Google News AI Brought to Google Assistant

On Friday, Google announced it has incorporated the AI used for Google News to Google Assistant. An audio news playlist will be assembled for users, starting with a briefing of top stories and updates, later extending into longer-form content that dives deeper into more stories. Users can ask Google Assistant to skip a story, go back, or stop. Google Assistant will also be able to give updates to stories users have already heard about. Currently, there are no music, ads, or profanity allowed in stories.

What prompted this new feature is the idea that users can have their own radio completely tailored to their taste and schedule. The feature is rolling out first to a limited number of people via the Google Assistant in the US and in English. The announcement blog post stated Google had been “working with publishers from around the world to think through the future of audio news.” Participating news partners include:

  • Advance Local
  • American Public Media
  • AP
  • Axios
  • Billboard
  • CNBC
  • CNET
  • KQED
  • McClatchy
  • NBC Owned Television Station Group
  • New York Times
  • Newsy
  • SCMP
  • The Hollywood Reporter
  • theScore
  • Washington Post
  • WNYC

Building the Audio News Experience

In order to help with the transition of print news to audio news, Google developed an open specification, which is available for news organizations that would like to participate in the new audio news feature. This prototype relies on single-topic stories contributing to the audio news feed. There are two parts of the playlist structure, which is determined by length. Those under 2 minutes play first and are approximately 50 seconds. Those that are 2 to 15 minutes are called medium format stories and play after a block of 5 to 8 short-format stories. News organizations can submit feeds for inclusion today, and sign up to try the experience here.

Helping Journalism Make the Transition to Voice Assistant Channels

Google’s announcement arrives shortly after a new study called “The Future of Voice and Implication for News” published by the Reuters Institute for the Study of Journalism. Researcher Nic Newman conducted consumer surveys in the U.K. and U.S., consumer focus groups, in-home consumer interviews and individual interviews with media executives from 26 media organizations five countries. A key conclusion included:

“Despite the rapid growth and strong promotion of voice technology, news consumption on these devices is currently lower than might be expected, with most usage focusing on very short news briefings. Many users are unaware of the wider range of options around news, including how to access their favourite brand. Others are underwhelmed by existing content, which is mostly reversioned from radio or print.”

In addition, only 1% of consumers in the U.K. said that news was the most valued feature of their smart speaker. Even the category of creating memos and lists was selected by three-times more consumers as the most valuable feature while setting alarms and reminders was seven times more popular.

The new Google initiative could help drive news discovery on smart speakers and raise the level of importance consumers assign to the feature. You can hear an in-depth interview with Mr. Newman about his findings in Voicebot Podcast Episode 71.

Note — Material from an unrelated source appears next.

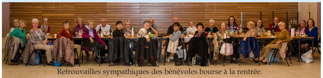
Retrouvailles sympathiques des bénévoles bourse à la rentrée.

Permanences du Bureau : au Centre des Arts et Loisirs, salle 113 de 10 h à 12 h

Google News Initiative Funding Audio News Development

This past Spring, Google announced its plan for combating the spread of fake news, pledging $300 Million to clean up false news through the Google News Initiative. In addition to allowing news organizations to submit feeds for inclusion through the development of the open specification, the Google News Initiative announced participation in the development of audio news. The Google News Initiative provides funding to a number of news organizations, such as KQED and McClatchy, to support building out audio capabilities for the industry as a whole. Liz Gannes, Google Product Manager of News comments,

Audio journalism requires new capabilities and workflows for both print publishers and broadcasters, whether it’s adding a sound booth or segmenting larger broadcasts into shorter stories.

Audio News Brings More Responsibility to Google

Google is in a very unique position in relation to the curation of news, and they have come under fire in the past for allowing conspiracy theories and unreliable partisan sources to filter to the top of search results. Currently, the audio news AI is under beta, only partnered with reliable news sources and only available to certain users. However, as the use of this feature grows, it will be crucial for Google to carefully vet submitted audio news feeds. If Google is planning on personalizing audio news to users, it is easy to see how yet another platform can be manipulated to become just an echo chamber for users. This feature is new, and this certainly is not a concern yet. However, it is definitely something to monitor over time.